Let’s get specific, right now, with this particular Boundless Quality. For example, you may be feeling really happy from a recent visit with your old friend. You had a really good talk or two. How lucky, that you have such a friend, that you can feel the closeness that comes from having shared so much together. You imagine hugging each other hello, basking in that love. As you sit in that warm feeling, allow yourself to savor and celebrate it. “I just had a great visit with Dave!” Under that focus, the feeling of joy will probably grow quite naturally.

For starters you can extend that feeling to Dave, who probably also feels joy about your visit. You’re equally happy for him. Lucky guy!

Now you think of someone else you know and love, who also has that same feeling of closeness with someone they love (but this time, not you). You imagine their smiling face as they meet with their loved one. You could imagine them hugging. You can’t help but smile in Sympathetic Joy. Now you see more people you know, feeling connected with their loved ones. You celebrate that connection for each and all of them.

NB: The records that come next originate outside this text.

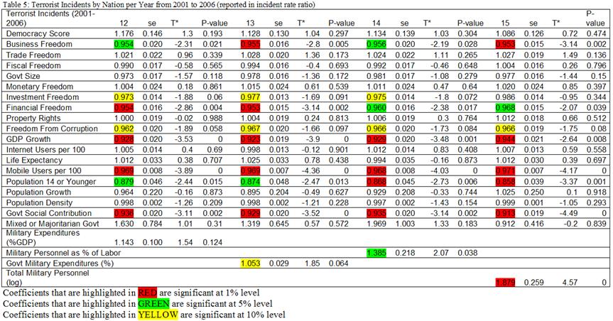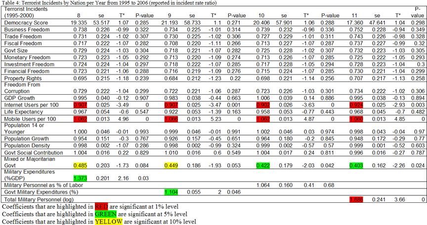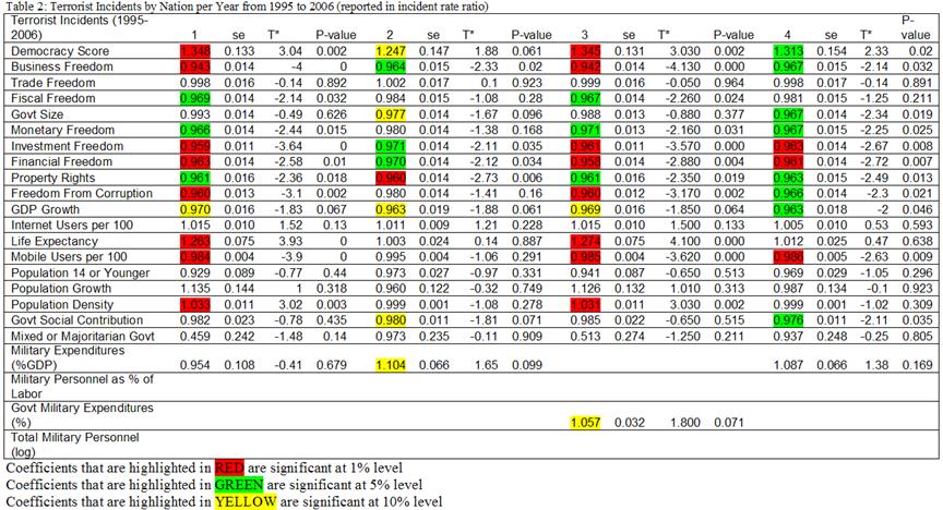 As mentioned, the dependent variable was terrorist incidents. The independent variables included freedom of press, democratic participation (dummy), government power constraint, proportional government, regime durability [“number of years since most recent regime change”[37]], past incidents (average number of incidents since 1968), and post-cold war (if nation arose after the cold war). Also included were controls for regions, government size, and conflict (if nation was involved in a conflict).
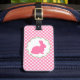 La silhouette d'un lapin rose mignon se repose à l'intérieur d'un cadre de fleur blanche avec une frontière de vert de ressort. Les contrôles doux, roses et blancs de guingan composent l'arrière - plan.
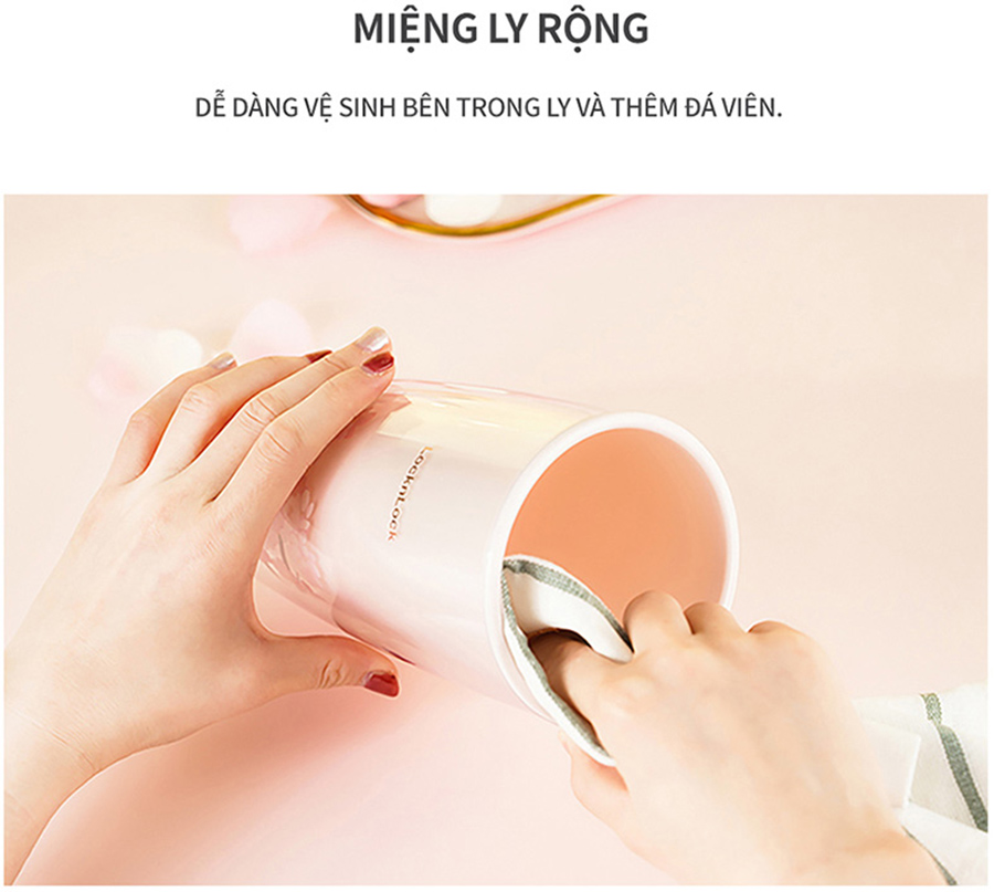 - Miệng ly rộng: Dễ dàng vệ sinh bên trong ly và thêm đá viên.
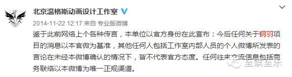 接着,三个月后(2014年11月),就冒出了一个叫“北京温格斯动画设计工作室”的官博,声称钢羽的消息以自己为准,并且钢羽动画化的项目归属于该工作室。
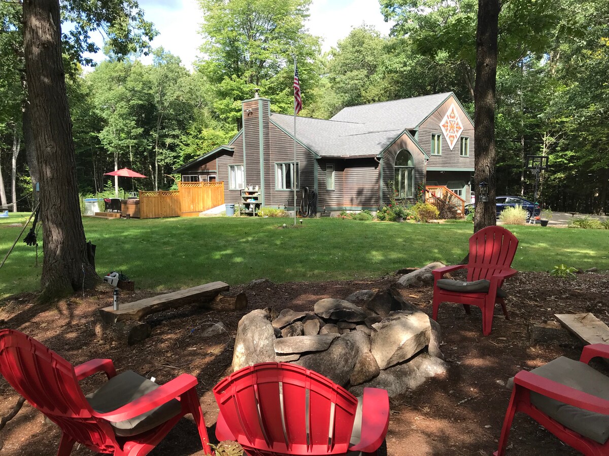 #BarnQuiltHouse Acogedora suite de invitados privada con jacuzzi en las colinas boscosas de una pintoresca ciudad agrícola de New Hampshire. Barrio residencial, céntrico en el sur de New Hampshire. A 20 minutos de Concord, el aeropuerto de Manchester, St. Anselms College, New England College, Pat 's Peak, Crotched Mountain. Dirigite hacia el norte hasta la región de los lagos, hacia el oeste hasta el monte Sunapee, o al sur para visitar Boston... todo a una hora y media en auto. Que la paz de la naturaleza te acompañe.
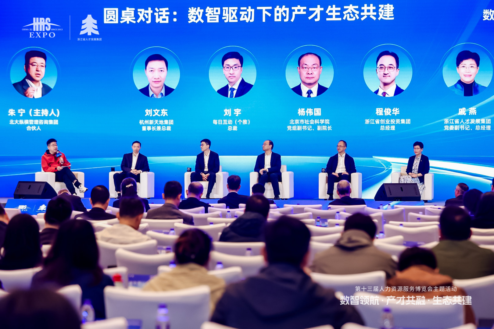 圆桌对话环节中,北京市社会科学院党组副书记、副院长杨伟国,省创投集团总经理程俊华,省人才集团党委副书记、总经理戚燕,每日互动(个推)总裁刘宇,杭州新天地集团董事长兼总裁刘文东及北大纵横管理咨询集团合伙人朱宁围绕“数智驱动下的产才生态共建”展开深入讨论,并达成核心共识:强化“四链”融合,共建开放、包容、协同的创新生态,积极应对数智化对产业与人才关系的重塑,加快形成以人才创新为核心驱动力的新发展格局。
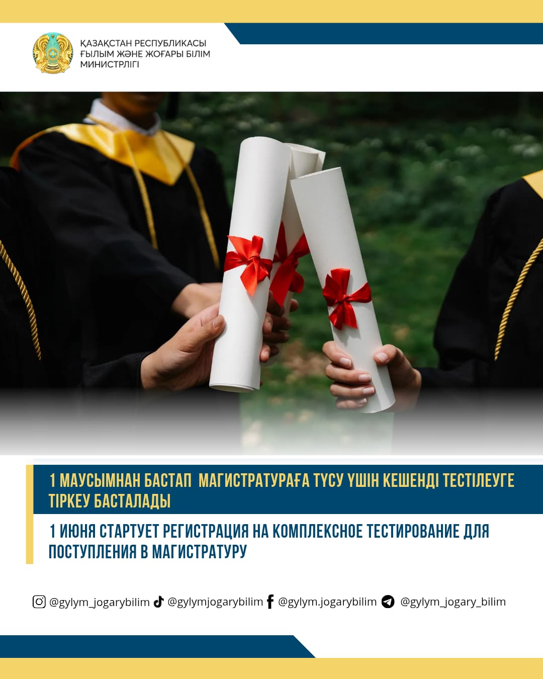 1 маусымнан бастап магистратураға түсу үшін кешенді тестілеуге қатысу үшін өтініштерді қабылдау басталады. Тіркелу ҚР ҒЖБМ Ұлттық тестілеу орталығының app.testcenter.kz сайтында 2025 жылғы 8 шілдеге дейін жүргізіледі. Тестілеудің өзі 20 шілде мен 10 тамыз аралығында өтеді.

Then you let the tide of Sympathetic Joy roll out to the next ring. You imagine whole classes of beings feeling the joy of connection: mother dogs with their puppies, licking each other on the mouth (ew!) in joyful reunion after the mother was gone for a few minutes. They love it! You smile at their joy. Then the tide of Joy rolls out to lovers...then all mothers and babies...fathers and babies...as many groups as you can think of. Your heart is positively glowing with Joy!

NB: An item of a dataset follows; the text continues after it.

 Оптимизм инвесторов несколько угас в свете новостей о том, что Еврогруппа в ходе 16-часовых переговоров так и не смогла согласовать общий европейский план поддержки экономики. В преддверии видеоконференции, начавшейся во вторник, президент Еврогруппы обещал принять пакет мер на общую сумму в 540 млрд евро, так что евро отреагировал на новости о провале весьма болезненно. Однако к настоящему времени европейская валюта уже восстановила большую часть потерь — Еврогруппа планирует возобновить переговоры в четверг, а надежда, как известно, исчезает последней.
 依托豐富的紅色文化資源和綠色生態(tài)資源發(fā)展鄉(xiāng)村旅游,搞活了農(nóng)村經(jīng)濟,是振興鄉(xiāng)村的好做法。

If you feel ready, you could next push the envelope a little, and imagine someone who’s caused you problems. They must have friends and family they love too. They’re bound to feel joy when they meet

them after being away. Imagine them hugging their loved one, smiling, laughing. Now that you have this big tide of Sympathetic Joy going, you can feel Joy in Sympathy with them, just for this thing, just in this moment. In this moment, they’re simply another sentient being, and they’re feeling joy. In this moment, that’s all that matters. This is a good time to again remember what Neem Karoli Baba said: “Never throw anyone out of your heart.” It accomplishes nothing but making your own heart smaller. That’s a big price to pay for indulging—yes, indulging—in feeling righteous (and almost all our feelings of righteousness are really self-righteousness). Let your heart expand and allow it to feel real Joy in this being’s joy.

Now you can extend that Joy to all sentient beings. At one time or another, they all have felt that joy of meeting with a loved one.

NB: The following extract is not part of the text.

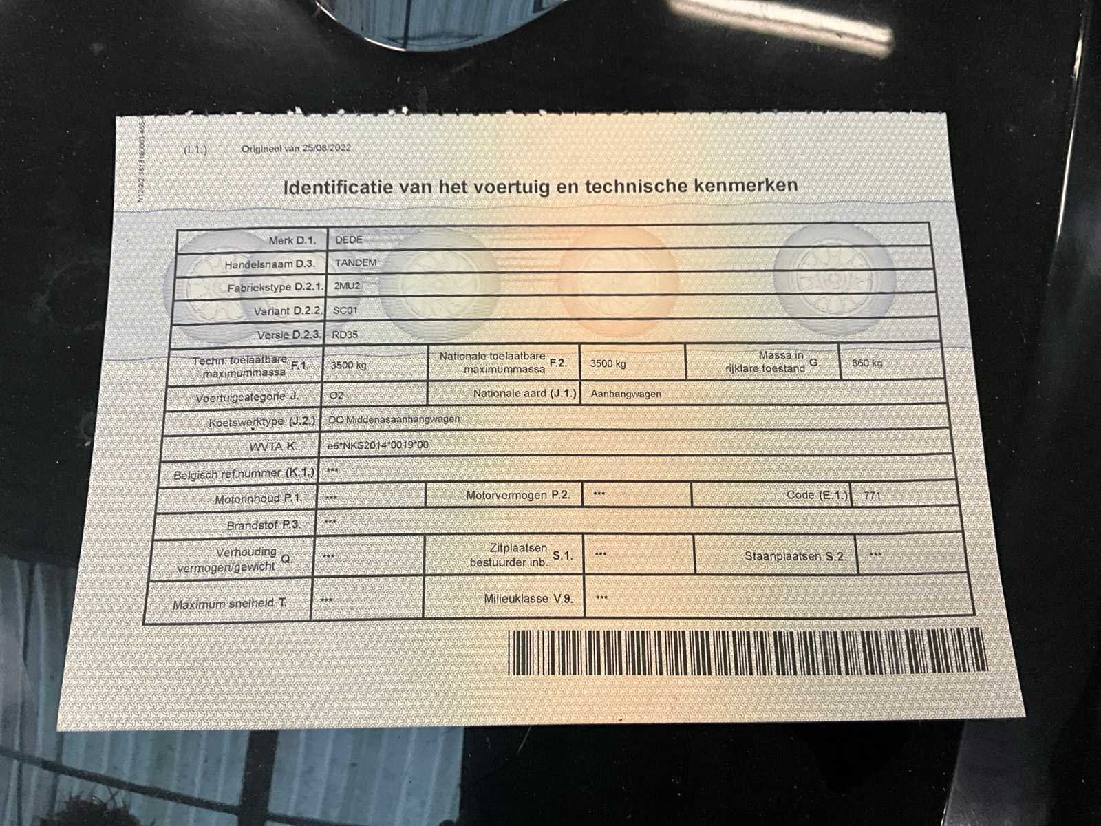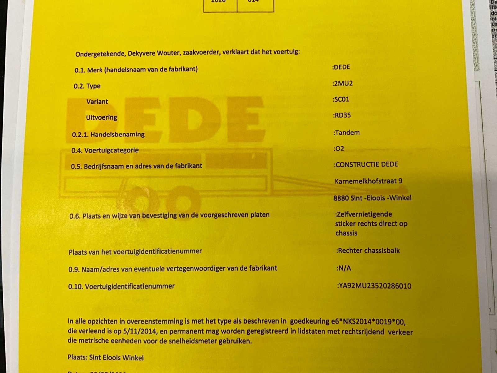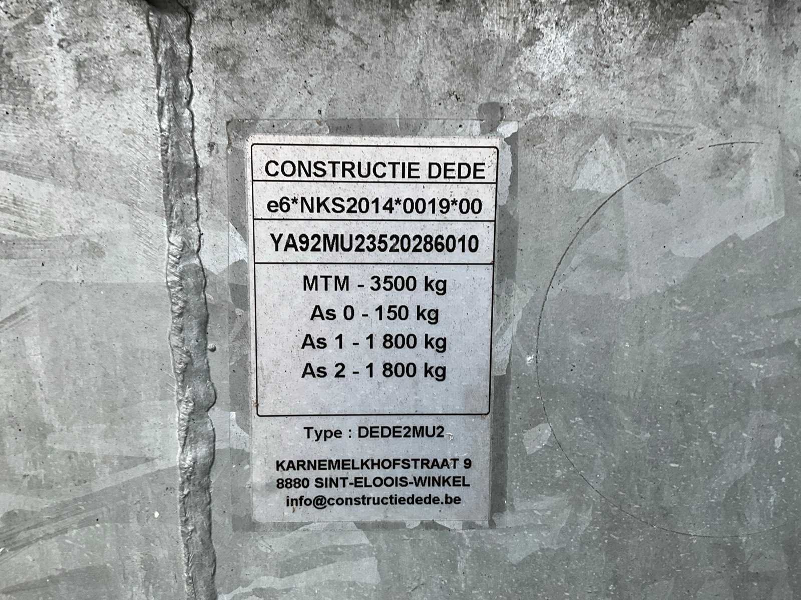 No Merk: Dede Type: Tandem Bouwjaar: 2020 Chassisnummer: YA92MU23520286010 Laadbak afmeting l: 560cm Laadbak afmeting b: 250cm Ledig gewicht: 860kg Laadvermogen: 2640kg Datum eerste toelating: 4/6/2020 Kentekenpapieren compleet?: true Lengte: 560cm Breedte: 250cm Nationaliteit documenten: België

Student Am I supposed to feel Sympathetic Joy for someone who’s happy they’ve hurt someone, or done some bad deed? LT No. There’s plenty that’s positive to be Sympathetically Joyful about. We’ve all done terrible things and we’re are all happy to be hugged by someone we love. We all are happy to eat a good meal, or behold a beautiful sight, listen to our favorite music, help someone, get a hug from a loved one, or just to take a good rest after a long day. We can pick those kinds of things, which are pretty universal. Also, remember that you are probably expanding outward from your own feelings of joy: if you felt joy at hurting someone or doing a bad deed, you would have some work ahead of you!